Brain Stimulation-aided Stroke Rehabilitation: Neural Mechanisms of Recovery

The overall goal of this study is to develop a novel rehabilitative method, in chronic stroke, which minimizes residual deficits by maximally utilizing the potential for cortical plasticity.

Despite extensive rehabilitation, approximately 60-80% of patients with stroke experience residual dysfunction of the upper limb. Deficits are believed to linger due to neurophysiologic imbalance between the ipsilesional (stroke-affected) and contralesional (intact) motor cortices. Specifically, the ipsilesional motor cortex loses its normal inhibitory control over the contralesional areas, which, in return, intensify their inhibitory influence upon the former. Constraint-Induced Movement Therapy (CIMT) represents a family of techniques that alleviates residual deficits by rectifying these neurophysiologic imbalances. By reinforcing use of the paretic upper limb in daily life during restraint of the non-paretic limb, CIMT initiates use-dependent neuroplastic reorganization implicating the ipsilesional motor areas, which demonstrate return-of-activity and regain territory in the surviving regions, mitigating the exaggerated inhibitory influence exerted by the contralesional areas.

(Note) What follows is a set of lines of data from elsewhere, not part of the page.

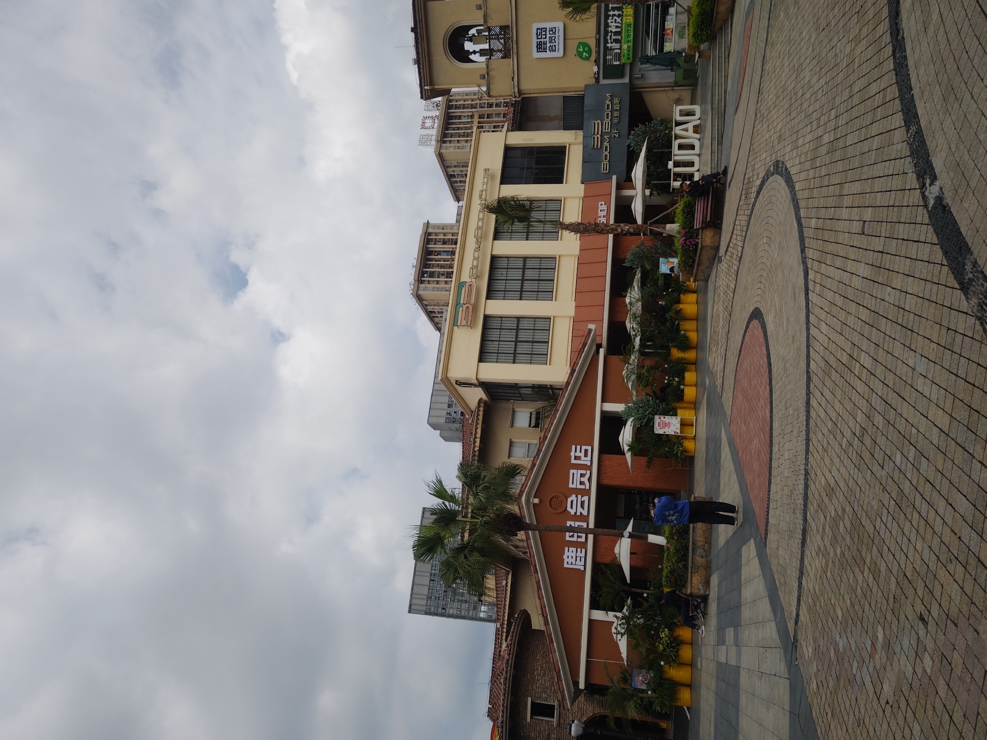 Here's a description of the image: The image shows a pedestrian area in what appears to be a commercial or shopping district. There is a building with signage in Chinese characters, including "鹿会员店" (Lu Huiyuan Dian), which translates to "Deer Member Store". The building has a brown and cream color scheme with visible windows and a red-tiled roof. There are palm trees and other greenery in front of the building. A person in a blue shirt stands on the paved area in front of the shop. Other signs like "BOOM BOOM CLUB" can be seen on nearby buildings. The sky above is overcast. Based on the OCR, the image appears to be taken in the Chongqing High-tech Zone, China.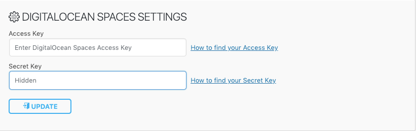 - Available DigitalOcean Spaces Extension settings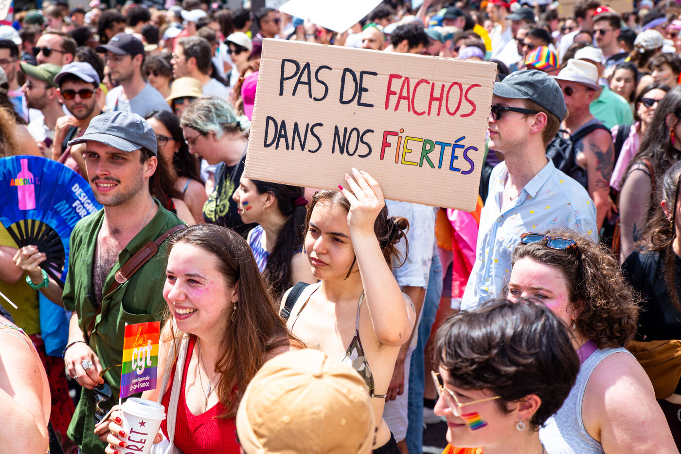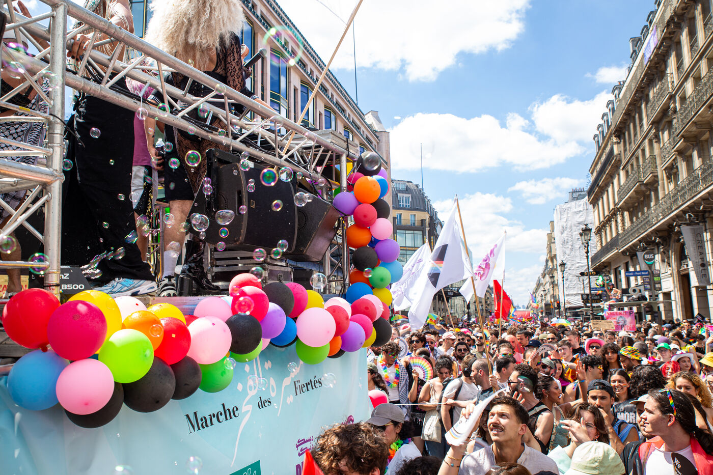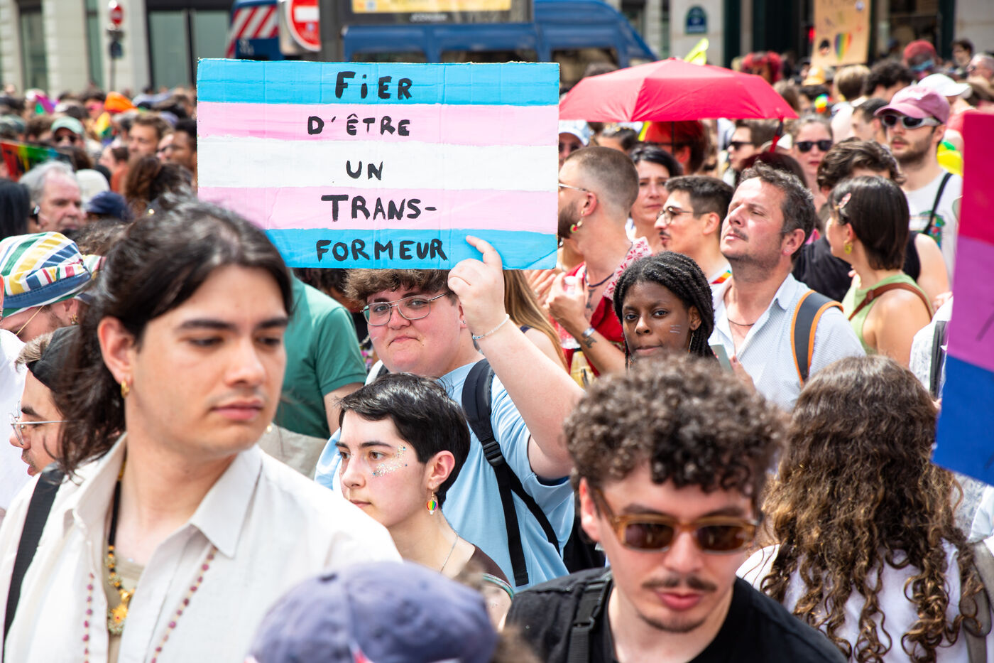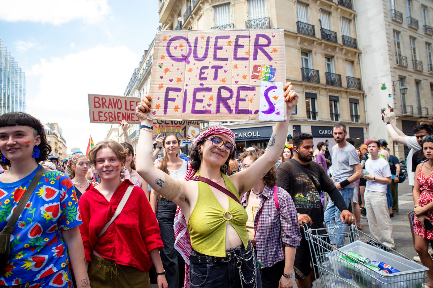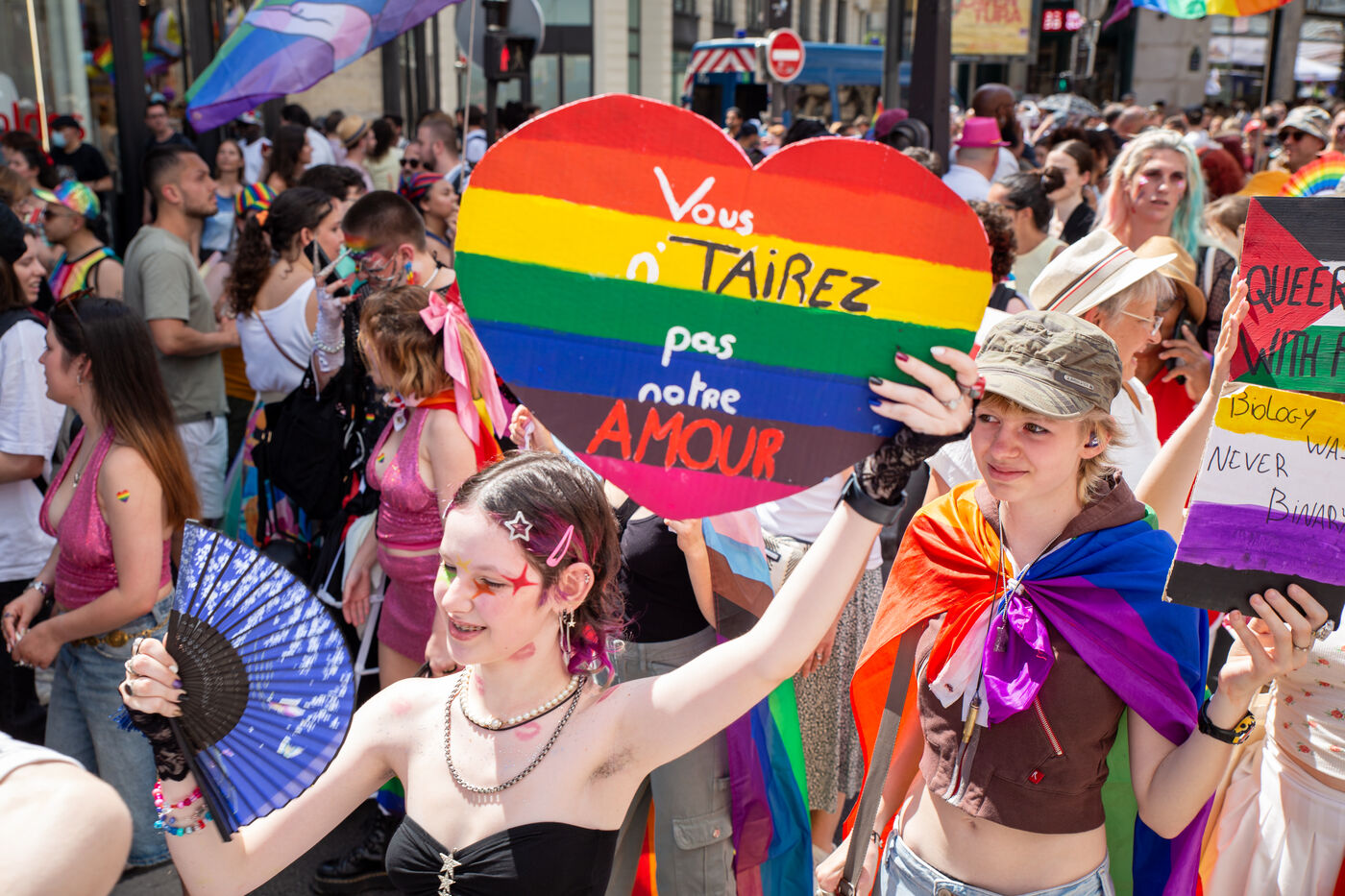 FRANCE, Paris, June 28, 2025. Pride March, a political demonstration and protest for the rights and visibility of LGBTQIA+ people, a celebration of tolerance and diversity in a festive and militant atmosphere.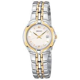 Unique details and classic styling make this Two-Tone Dress Watch from Seiko a sure bet for any sophisticated woman. Featuring a lightly-patterned white dial, gold-tone Roman numerals at six and 12 o'clock, stick indices, and three slender hands, this timepiece combines gold- and silver-tone stainless steel in its 27-millimeter case, stationary bezel, and bracelet band. Also offering a durable hardlex crystal, reliable Japanese quartz movement, and a convenient fold-over-push-button clasp with a safety, this watch is water resistant to 100 feet and is protected by a three-year manufacturer warranty.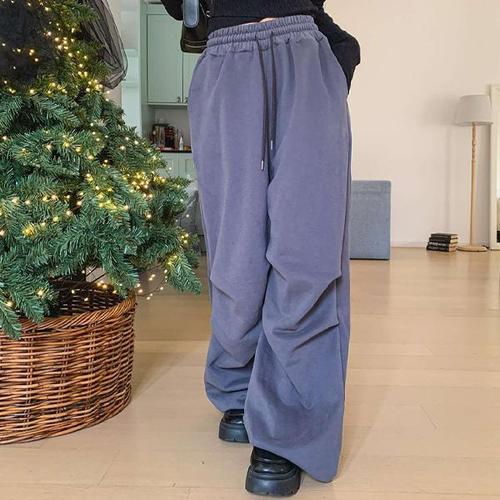 H스타일(BM)양기모와이드스트링팬츠 겨울 여성 양기모 밴딩팬츠 와이드팬츠 통바지 슬랙스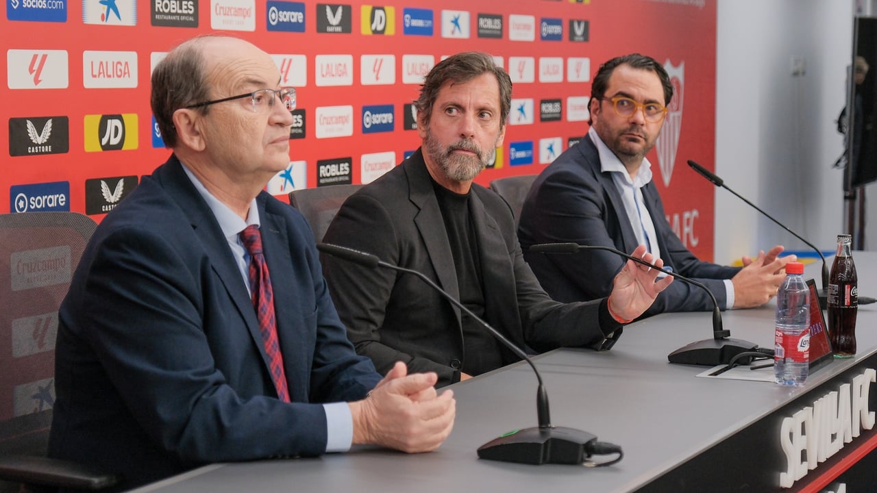 "La afición, ahora mismo, no quiere a nadie. El primer sevillista cabreado soy yo. Si estuviésemos ganando partidos, todos pensaríamos de otra forma. El mensaje sólo puede ser de unión y seguir animando. Cuando las cosas van rematadamente mal, hay que tomar decisiones. Igual que el año pasado acertamos, esperamos hacerlo en éste para salir de un sitio que no merecemos". Fue prácticamente la única intervención de José Castro, presidente del Sevilla FC, durante la presentación de Quique Sánchez Flores, excepción hecha de una mención a la búsqueda de un nuevo patrocinador cuando se alcanza el ecuador de la temporada 23/24 y van ya tres técnicos en el primero equipo y dos en el filial: "Seguimos trabajando. No es fácil, pero confiamos en tenerlo pronto". La voz cantante del acto la llevó, lógicamente, el nuevo entrenador, con Víctor Orta asumiendo la responsabilidad del "fracaso" con Diego Alonso y hablando abiertamente del mercado invernal.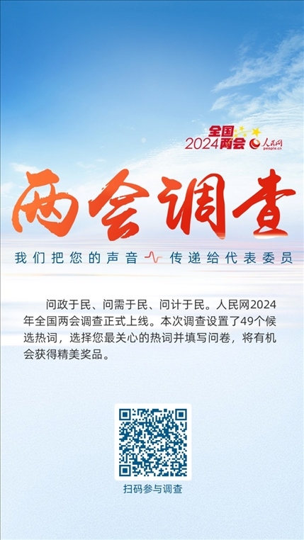 人民網(wǎng)北京2月5日電 (記者 黃子娟)人民網(wǎng)2024年全國兩會調(diào)查于今日正式上線,這是人民網(wǎng)連續(xù)23年開展全國兩會調(diào)查。網(wǎng)友可通過人民網(wǎng)2024年全國兩會調(diào)查專題、“人民網(wǎng)+”客戶端、人民網(wǎng)法人微博、人民網(wǎng)官方微信、“學(xué)習(xí)大國”微信公眾號等全媒體通道進(jìn)入調(diào)查頁面,選擇您最關(guān)心的熱詞并填寫調(diào)查問卷。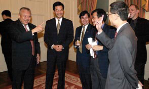 董建華在餞行酒會上與專業人士交談。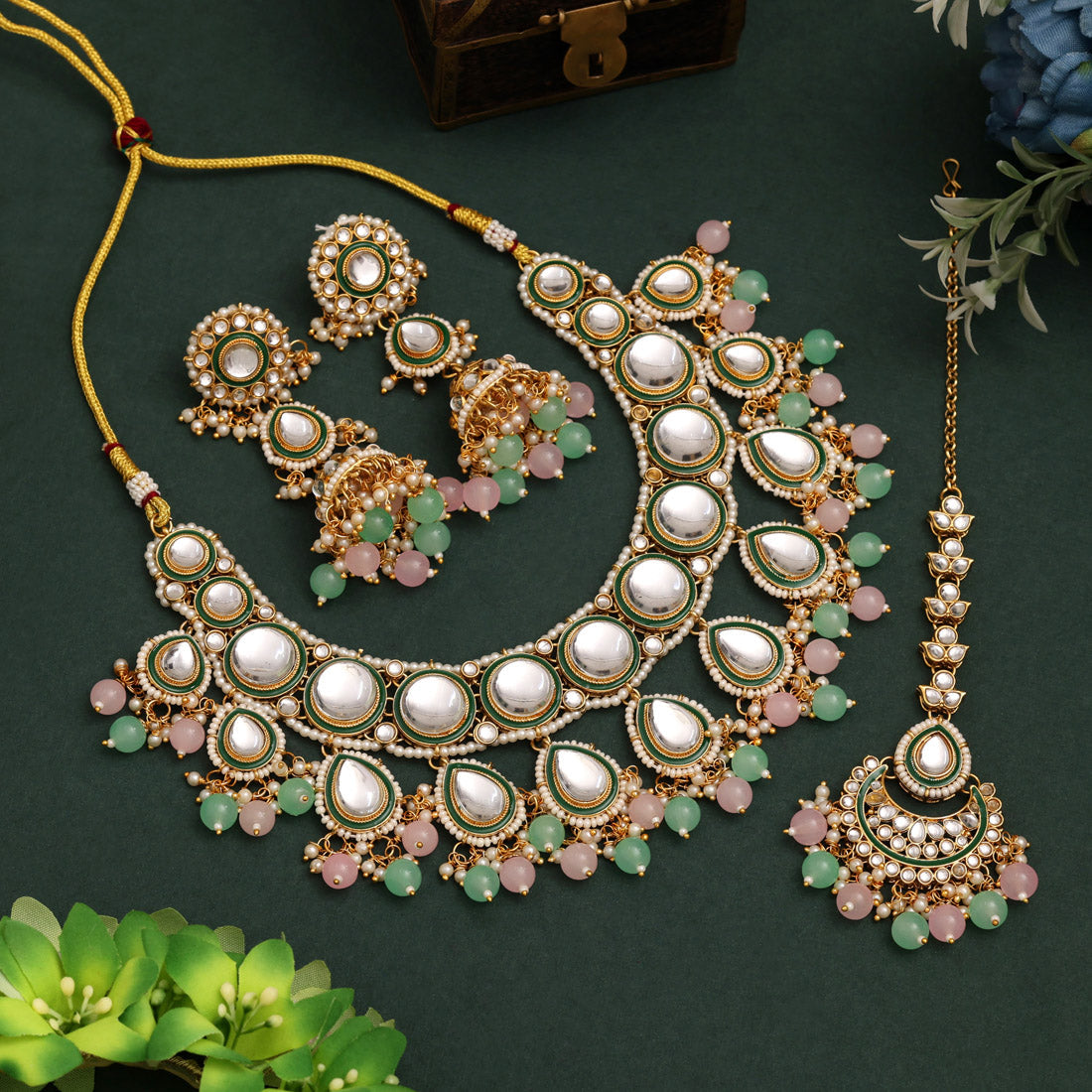 1 Piece Of Necklace:: 1 Pair Of Earring:: 1 Piece Of Maang Tikka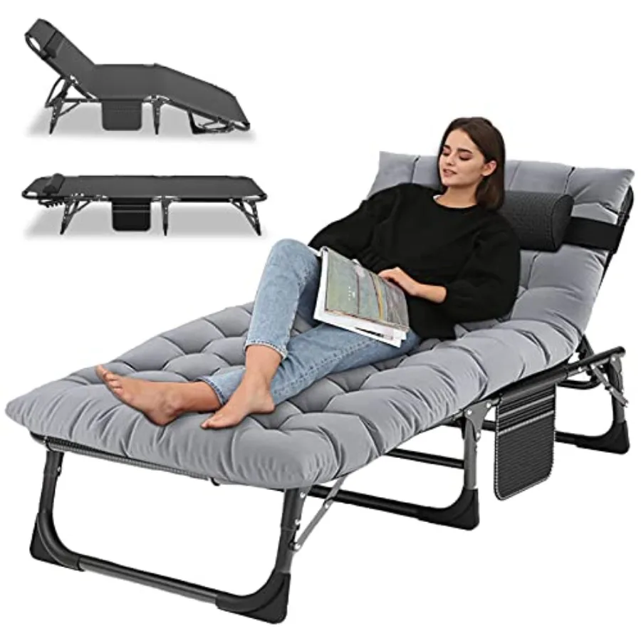 Adjustable 4-Position Camping Cot, 500lbs, Folding Chaise with Pillow, Outdoor Portable Furniture for Adults, Cot Bed for Campin
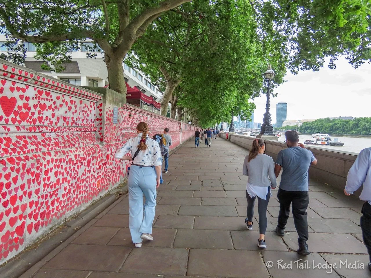 We continued walking south along the river. On the wall beside us was the National COVID Memorial Wall. There was a red heart painted on the wall for each person who died in the United Kingdom from COVID. Bereaving families have put the names of their loved ones in some of the hearts. There are more than 240,000 individually hand-painted hearts on the wall, which stretches for 500 meters (1640 feet).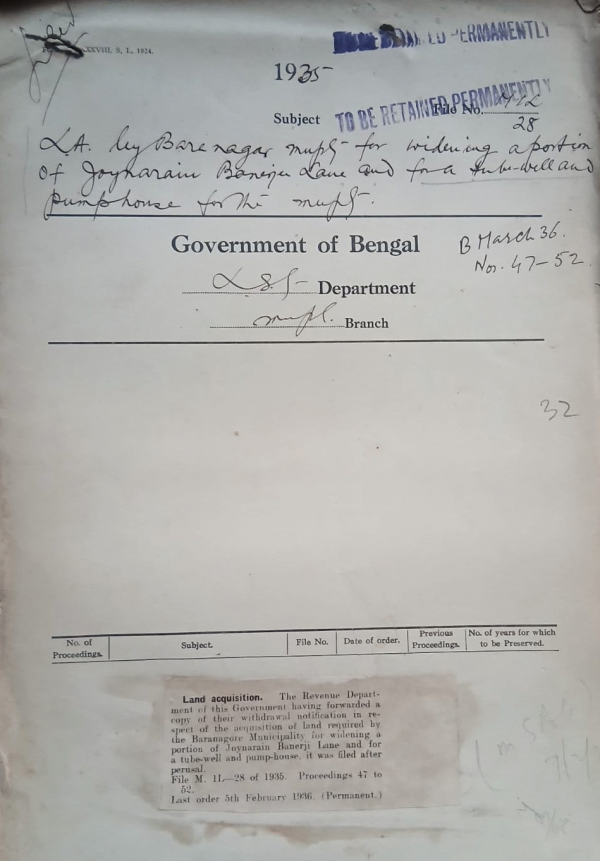 L.A. by Baranagore Municipality for widening a portion of Joynarain Banerji Lane and for a true well and Pumb-house for the Municipality.

Despite promising evidence, however, clinical utility of CIMT is limited due to its labor-intensive protocols and inadequate gains. Our objective is to address gaps in existing clinical rehabilitative research. The investigators propose to 1) combine CIMT with targeted stimulation of the ipsilesional motor cortices, 2) Use a novel, noninvasive method of stimulation, called transcranial direct current stimulation (tDCS), 3) Use multimodal imaging to determine comprehensive mechanisms of recovery in patients. Our central hypotheses are 1) ipsilesional motor cortices would be an ideal site for delivering stimulation during CIMT, 2) tDCS will be easy, safe and inexpensive to apply and will target multiple maps concurrently during rehabilitation as demonstrated in our elemental research. 3) structural and functional imaging methods will demonstrate complementary cortical, corticospinal and cortico-muscular markers of recovery.